A greyhound is a cocktail consisting of grapefruit juice and gin mixed and served over ice. If the rim of the glass has been salted, the drink is instead called a salty dog.

History

The earliest known mention of a cocktail of this description is in bartender and author Harry Craddock's Savoy Cocktail Book of 1930.  Craddock describes his recipe as "...a variation of the Grapefruit Cocktail", suggesting that such cocktails were already in common use before his book was written.  His recipe consists of nothing but gin, grapefruit juice and ice.

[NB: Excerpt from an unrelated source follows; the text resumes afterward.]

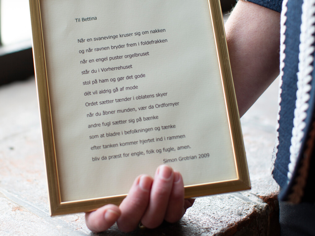 Jeg afslutter mit teologistudium med et speciale, der handler om at tage håbet fra mennesker, som er uhelbredeligt syge. Det lyder underligt bagvendt, det er ikke desto mindre en praksis, som en sygehuspræst gør brug af. Jeg beslutter at analysere denne praksis vha. Søren Kierkegaard. Efterfølgende møder jeg præsten, og han tager mig under sine vinger. Jeg indleder min præstegerning med at være sygehuspræst, og han giver mig det indrammede digt ved min ordination. Han har fået Simon Grotrian til at skrive et digt tilegnet mig. Både den gestus og selve digtet er meget smukt, synes jeg. Hjemme hos mig hænger det lige ved mit skrivebord, og den gyldne ramme husker mig altid på, at Guds evighed også omgiver vores liv. Nu kan andre også læse digtet.
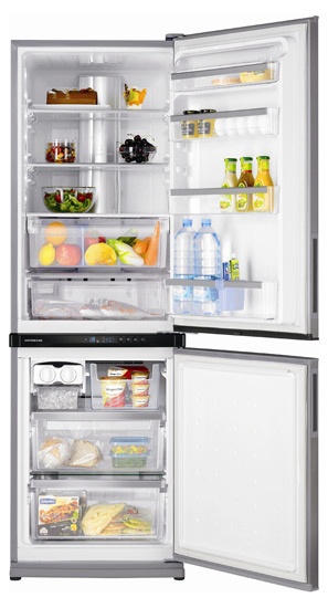 Холодильники SHARP с нижним расположением морозильной камеры имеют уникальный механизм двустороннего открывания дверей (система Dual Swing Door), который позволяет открывать двери холодильной и морозильной камер как вправо, так и влево, как удобно пользователю, без перенавешивания.

A recipe for a similar cocktail with the name "Greyhound" appears in Harper's Magazine in 1945 (volume 191, page 461) thus: "The cocktails were made of vodka, sugar, and canned grapefruit juice a greyhound.  This cocktail was served at Greyhound's popular restaurant chain that was located at bus terminals, called 'Post House'."

Before 1945, vodka was an uncommon spirit and most drinks we think of today as "classic cocktails" and which call for vodka, originally would have contained gin.  As vodka's popularity grew after the war and gin's popularity waned, many of the popular cocktails persisted, albeit with vodka substituted for gin. The most conspicuous of these is the martini which, before 1945, would invariably have been made with gin.

The reason that most cocktails during and just after prohibition were prepared with salted or sugared rims is because the quality of alcoholic beverages was not so appealing. Also, more recently, both the greyhounds and the salty dogs are more often made with vodka not gin. The root cause of this is for taste preferences and to serve a broader market.

Garnish

For the greyhound, twist of lime or lemon.

Variations

Vodka greyhound: uses vodka instead of gin.

Salty dog: has a salted rim on the glass and uses vodka sometimes.

Dalmatian: has black pepper syrup and vodka.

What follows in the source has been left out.